The Nixon campaign made short work of Senator Eagleton. The man had seen a psychiatrist at one point in his life. The Nixon campaign found out and leaked it to the press. The nation was outraged that McGovern would choose someone unstable as Vice President. After all, who would want a kook as VP?

Isn’t that ironic in light of who occupies the White House today?

National outrage was now selling and selling well. In 1976, Watergate was the national outrage. In 1980 it was Iran. In 1984, the numerous scandals of the Reagan Administration took center stage only the nation didn’t care. In 1988, Willy Horton was the object of fear and loathing. In 1992, reverence for the Office of The President fell victim. “It’s the economy, Stupid,” became the theme of a successful Presidential Campaign. America’s addiction with negative images was complete.

We’ve become a nation of anti-(fill-in-the-blank). We no longer talk about what we’re for. Anti-Trump, anti-white nationalism, anti-capitalism, anti-flag, anti-National Anthem, anti-Hillary. You get the point.
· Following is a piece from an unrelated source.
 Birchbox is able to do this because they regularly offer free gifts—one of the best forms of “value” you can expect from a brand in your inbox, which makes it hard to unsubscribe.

This last July, I joined the Democratic Party. I joined because if you want to be an agent of social change in America, you must belong to one of the two major political parties. The system is rigged for the two major parties.
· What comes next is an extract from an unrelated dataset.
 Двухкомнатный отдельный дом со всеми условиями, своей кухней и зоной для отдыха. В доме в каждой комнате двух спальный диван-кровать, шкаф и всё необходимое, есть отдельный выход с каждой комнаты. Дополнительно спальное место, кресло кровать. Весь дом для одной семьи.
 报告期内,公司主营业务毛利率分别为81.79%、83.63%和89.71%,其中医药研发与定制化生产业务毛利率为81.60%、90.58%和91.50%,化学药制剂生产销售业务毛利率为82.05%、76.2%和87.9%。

If you asked me what the two parties stand for, what they really stand for and not the common buzz words, I doubt anybody could tell you. I’m sure there are thousands of opinions and common themes around words like “fairness” or “equality.” Those words are nice words, but they tell us nothing specific. If you asked me what the two parties are against, I could rattle off at least a dozen things both parties stand for.

We now define our political lives by what we are against and not what we are for. The effect is it makes for a cynical population. I despise cynicism. I despise it because it strangles creative and new ideas. It scours through our society and turns good people away from our duties as citizens. It creates hopelessness.

That is why Barack Obama’s message of hope and change was wildly successful.

Americans want hope. We want our positive nation back. Washington is not creating the environment for people to have hope. They are throwing a wet towel on our national optimism. Both parties are at fault. Neither party articulates a clear and positive path for America.

Maybe they aren’t because of all of us? We are taking the bait and not forcing creative thought from our politicians and our political parties. The problem may not be Washington. The problem may be us.